Code token estimator
Sending code to an LLM is more expensive than sending prose of the same length — operators, indentation, and short identifiers all fragment into extra tokens. This estimator measures your code with per-language density and tells you the token count, how much of a context window it eats, and the cost, before you spend a single API call discovering the file was too big.
How it works
The tool applies a character-per-token density tuned for each language: dense languages like JSON and minified code pack the fewest characters per token, while comment-heavy prose-like code sits closer to natural text. It estimates tokens from your pasted code, prices the input against your chosen model, and shows the fraction of a typical context window the file occupies.
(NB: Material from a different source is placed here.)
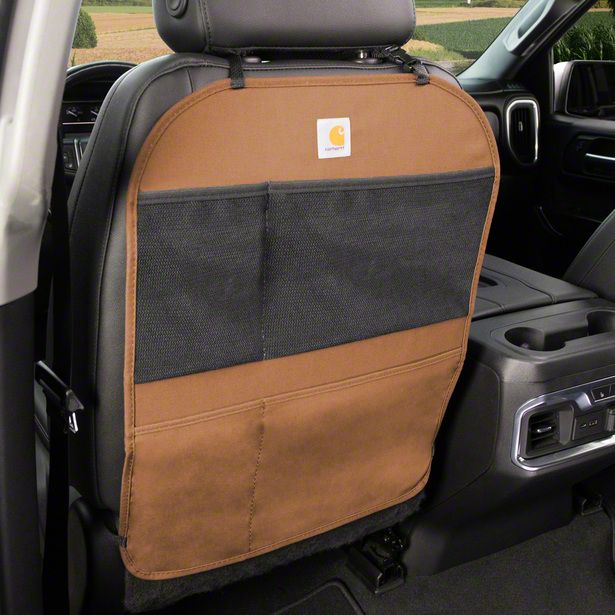 The Carhartt Seatback Organizer enhances your vehicle's storage capabilities while providing rugged protection. Made from durable Carhartt Duck Weave fabric, it shields your seats from stains, mud, snow, spills, and scuffs. With four pockets for added storage—two mesh and two reinforced water-resistant—you can easily organize snacks, toys, tools, and more. Pair with our Carhartt Seat Covers for added protection and storage.

Everything runs in your browser.
Why code tokenises differently from prose
Modern LLMs use byte-pair encoding (BPE), which learns token boundaries from training data. Common English words often become a single token. Code is different — it is dense with punctuation (brackets, semicolons, arrow operators), short variable names that the tokeniser has not seen before, and repeated indentation characters. These patterns all produce more tokens per character than typical English prose, which is why a 500-character Python function might cost more tokens than a 500-character paragraph.
Rough rule of thumb: English prose runs about 4 characters per token; code typically runs about 3 characters per token, though highly punctuated languages like Lisp or Haskell can go lower.
Practical planning guide
| Scenario | What to do |
|---|---|
| File is under 20% of the context window | Paste it directly |
| File is 20–70% of the context window | Consider what surrounding prompt you need alongside it |
| File is over 70% of the context window | Chunk it, summarise non-essential sections, or strip comments |
| Same file sent on every request | Ask whether your provider supports prompt caching — repeated prefixes can become nearly free |
Tips and notes
For large codebases, the practical question is usually “does this fit?” — the context window bar answers it at a glance and tells you whether to chunk or summarize. If you are sending the same files repeatedly (for example a fixed framework header on every request), prompt caching can make the repeated portion nearly free. Stripping comments and dead code cuts tokens but can degrade the model’s reasoning about the code, so trim carefully. Treat the count as a close estimate and confirm with the provider’s tokenizer before sizing a large automated run.